I was transferring something written in Caffe to Pytorch and noticed a different in gradient of the MSELoss
, so I tested the MSELoss
of pytorch using this script:
import torch
import numpy as np
import torch.nn as nn
from torch.autograd import Variable
grads = {}
def save_grad(name):
def hook(grad):
grads[name] = grad
return hook
#pred = np.load('caffe-spn/data.npy')
#tar = np.load('caffe-spn/label.npy')
pred = np.random.rand(1,1,3,3)
tar = np.random.rand(1,1,3,3)
pred = Variable(torch.from_numpy(pred),requires_grad=True).cuda()
tar = Variable(torch.from_numpy(tar),requires_grad=False).cuda()
pred.register_hook(save_grad('pred'))
criterion = nn.MSELoss(size_average=False)
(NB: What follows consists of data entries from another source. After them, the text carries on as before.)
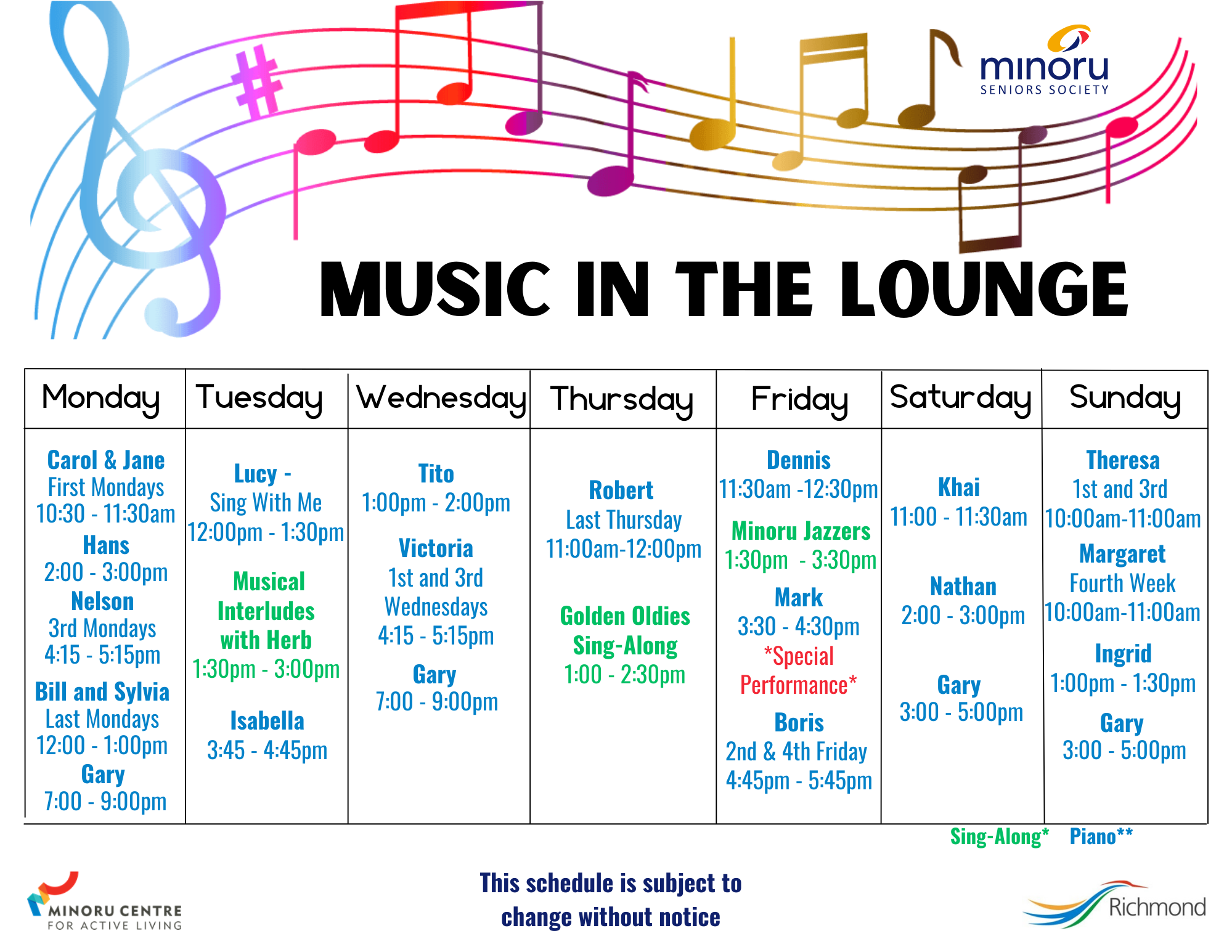 Music in the Lounge schedule
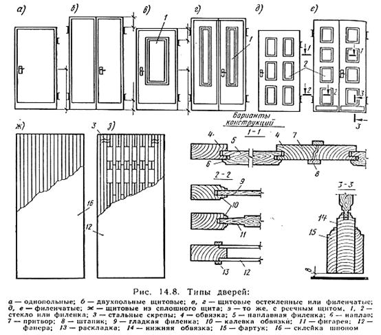 -филёнчатые, состоящие из контурной обвязки, усиленной средником, и филёнок (заполнения) из фанеры и дощатых щитов. Такая конструкция полотен трудоёмка в изготовлении, требует качественной древесины и поэтому в современном строительстве применяется только для парадных дверей общественных зданий;
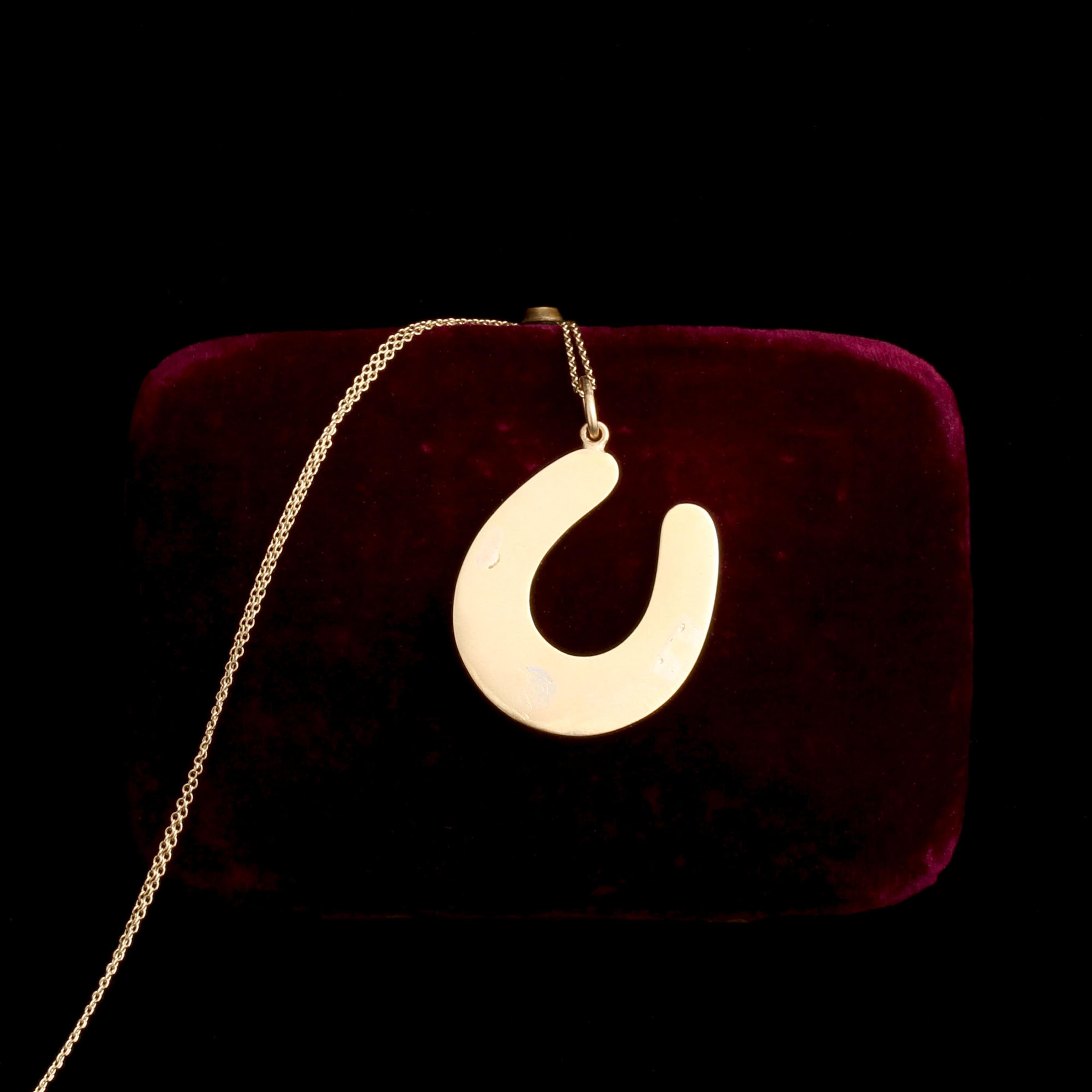 HUMANS HAVE CARRIED and worn lucky charms forever. Although the 19th and 20th centuries were thought to be ages of reason and science (and definitely not superstition) people still kept horseshoes close, just in case. Iron was believed to guard against trouble, so full-size shoes were nailed above doorways. The crescent shape also reached back to much older, pre-Christian lunar goddesses of protection. Here, natural pearls and smooth turquoise cabochons line up to elicit a creative, optimistic vibe.

loss = criterion(pred,tar)
#loss = torch.sum((pred - tar)**2)
loss.backward()
print(loss)
print(torch.sum((pred - tar)**2))
print('prediction:')
print(pred[0,0,:,:])
print('target:')
print(tar[0,0,:,:])
print('gradient:')
print(grads['pred'][0,0,:,:])
Here’s what I got:
Variable containing:
0.7841
[torch.cuda.DoubleTensor of size 1 (GPU 0)]
Variable containing:
0.7841
[torch.cuda.DoubleTensor of size 1 (GPU 0)]
prediction:
Variable containing:
0.7884 0.7303 0.9125
0.3856 0.5309 0.5715
0.4588 0.4232 0.2187
[torch.cuda.DoubleTensor of size 3x3 (GPU 0)]
target:
Variable containing:
0.9345 0.1918 0.6964
0.1005 0.2449 0.1909
0.2013 0.5728 0.0471
[torch.cuda.DoubleTensor of size 3x3 (GPU 0)]
gradient:
Variable containing:
-0.2922 1.0770 0.4321
0.5702 0.5721 0.7612
0.5150 -0.2991 0.3432
[torch.cuda.DoubleTensor of size 3x3 (GPU 0)]
My question is that the gradient of (pred - tar)^2
w.r.t to pred
should be (pred - tar)
, but it seems not the case in pytorch MSELoss
, this could be a silly mistake, but I just wonder what I did wrong here.